Today’s Women in STEM spotlight is the wonderful Ada Lovelace!! Ada was a mathematician who is thought to have written the world’s first computer program 100 years before the first computer was made! She also correctly predicted the future possibilities of computers including for creating music and graphics.
When you consider that Ada lived in a time when girls were not generally educated her achievements are even more incredible.
Ada was born in England to Lord and Lady Byron. Her father was a poet and her mother a mathematician. Ada was brought up by her mother who encouraged her to study maths and science. Ada demonstrated a natural aptitude for the subjects.
Ada married William King in 1835 and became the Countess of Lovelace three years later when William was made an Earl.
Ada met a young mathematician and engineer named Charles Babbage when she was 17. Ada was fascinated by Babbage’s ideas, especially his plans for a machine to handle complex calculations named the analytical engine. Babbage was so impressed by Ada he asked her to translate an article about the analytical engine written by an Italian engineer.
Ada translated the article and also added pages of her own notes.
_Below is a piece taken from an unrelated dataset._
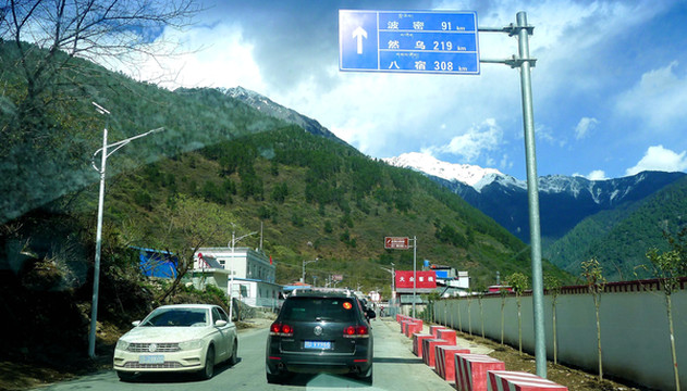 16:08又在巴河镇出口下高速,这里有条岔路通往“巴松措”,但它并不在我们预定的行程之内,因为网上介绍巴松措最美是秋天,而且,它的海拔比拉萨更高,X.J.此刻已是头痛难忍,只盼早点能到林芝。于是,我们下高速后又再上国道G318,继续向林芝方向行驶。

Ada’s work was published in 1843. The analytical engine was nothing like the computers of today. It was a large clunky machine programmed using punched cards!
Unfortunately the analytical engine was never finished and Ada’s notes were forgotten about until they were found and republished in 1953.
Ada very sadly died from cancer in 1852, aged just 36. She left behind an impressive legacy. Ada Lovelace Day is held on the second Tuesday of October each year and is an international celebration of the achievements of women in STEM.
Ada Lovelace Fact File
Activities related to Ada Lovelace
Try some coding with scratch.
Code and create with a Makey Makey. This giant operation game is a good example.
The Bletchley Park website has some brilliant code based activities to try too!
More Wonderful Women in STEM
Learn about the work of Marie Curie.
Find out about the inspirational Amelia Earhart.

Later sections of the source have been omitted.